First, some nationwide downtown myths – a sampling:

  1. There’s nothing to do in Philadelphia except leave it.
  2. New York’s Times Square is a dirty, drug-infested hole.
  3. The only thing to do in Seattle is open your umbrella.

We now know they’re all the stuff of tired, urban legends. But maybe no downtown suffers quite like Los Angeles:

4.   L.A. doesn’t have a downtown.

Surprise, surprise. L.A. does have one and the 7th Street/Metro Center station at Figueroa Street is smack in the middle of it. True, for a city of 4 million, L.A.’s “Financial District” is about the size of downtown Hartford but that makes it even more suited for a WalknRideLA tour, don’t you think?

About 150 years ago, today’s skyscraper-lined Figueroa Street carried the name “Grasshopper Street” (or in Spanish,Calle de las Chapules).

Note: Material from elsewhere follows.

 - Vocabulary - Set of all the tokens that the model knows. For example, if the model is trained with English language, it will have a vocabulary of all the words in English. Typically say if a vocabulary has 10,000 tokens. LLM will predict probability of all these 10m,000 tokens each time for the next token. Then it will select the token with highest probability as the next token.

Clearly, it was hardly “hopping” with merchants or residents. That’s because back then the town’s “downtown” was centered about a mile away at Olvera Street, near today’s Union Station. As the city grew, particularly following the arrival of railroads in the the late 19th century, that hub drifted south and west.

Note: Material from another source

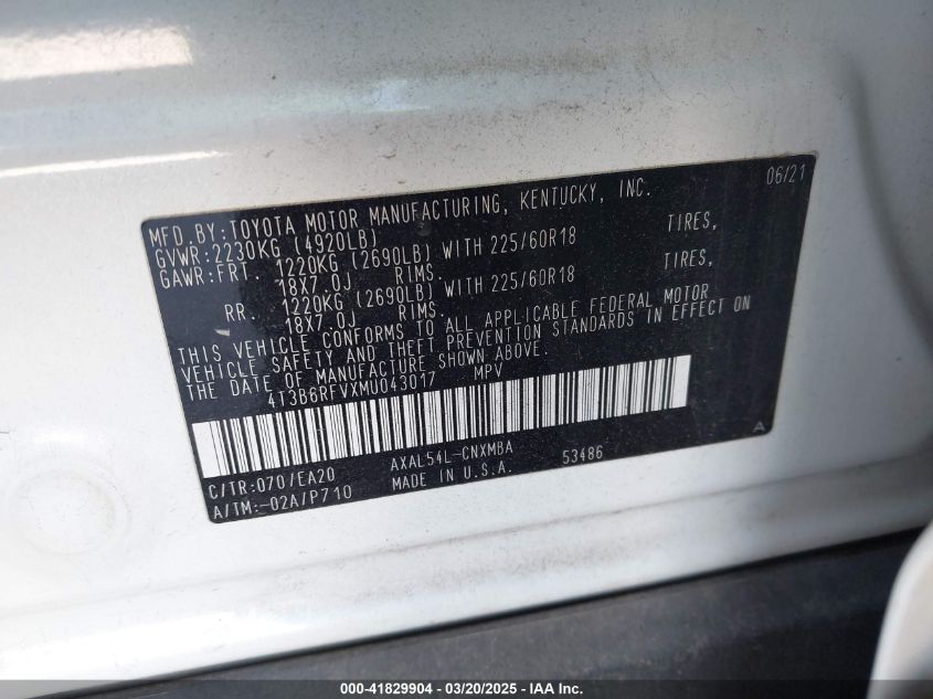 2021 TOYOTA RAV4 HYBRID 2021 року Гібрид, 2.5, Повний привід, vin - 4T3B6RFVXMU043017 з США

By 1900, downtown was near centered around today’s First and Spring Streets. By 1920 it had migrated south to around Fifth Street and from there, spread a few blocks westward during the 1920s and 30s. The financial district remained centered on Spring Street and was sometimes called (at least by downtown boosters) “The Wall Street of the West.” After World War II most of the city’s growth didn’t happen in downtown at all – it spread out along the boulevards and into the suburbs, miles from the city’s center.

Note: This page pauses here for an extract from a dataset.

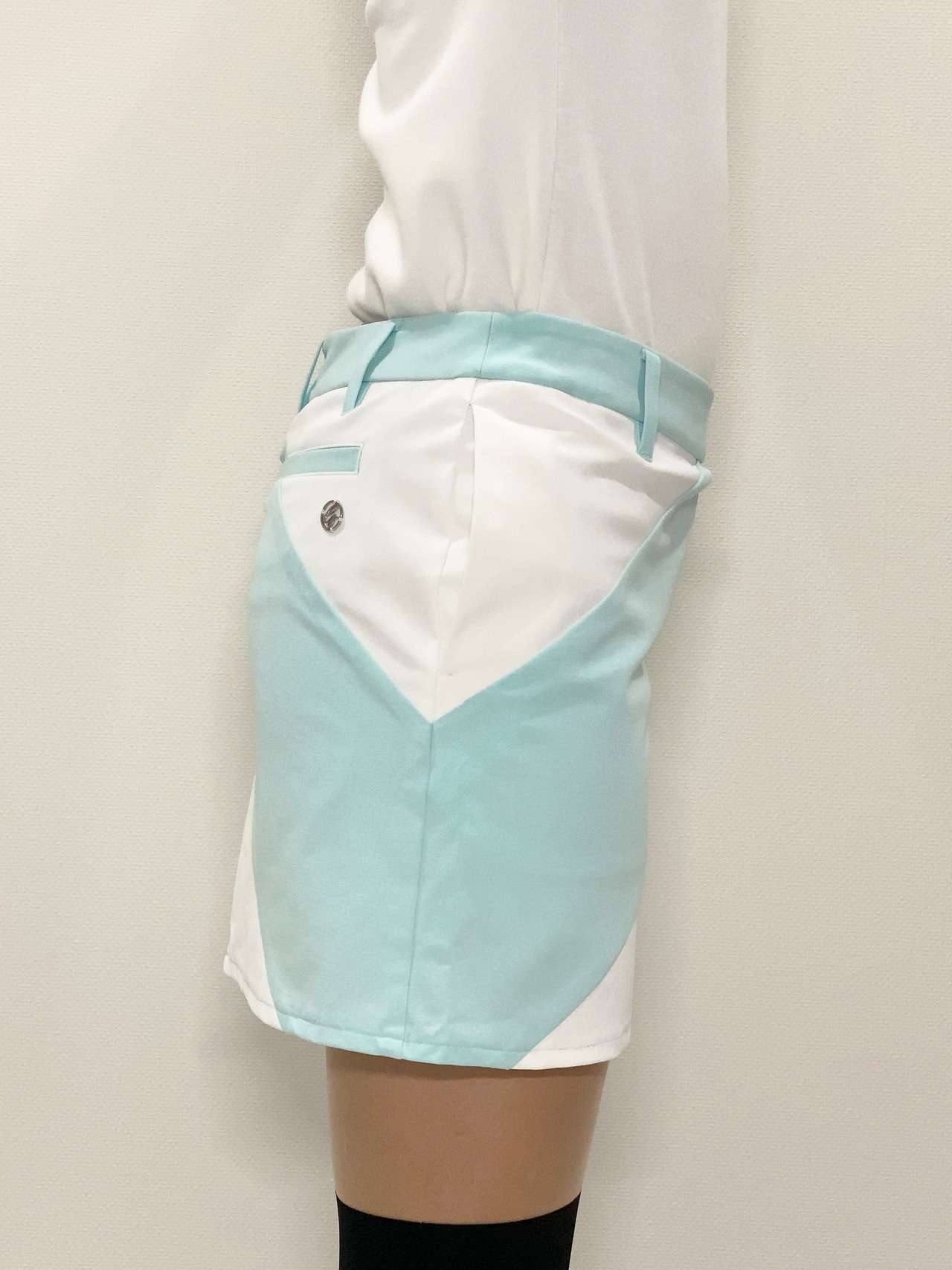 ミントブルーとホワイトのコントラストが可愛い♡斜めに切り替えが入ることによってスッキリ見せてくれる。ストレッチのきいた生地なのでピッタリしていても動きやすい。

Everything changed when Bunker Hill was marked for urban renewal in the early 1960s. A spanking new Music Center went up first, followed by high-rises housing banks, insurance companies, law firms and city offices – all clusted atop the hill and spilling down Figueroa, Flower and Hope Streets into what is called today’s “Financial District.” That’s the neighborhood this tour visits.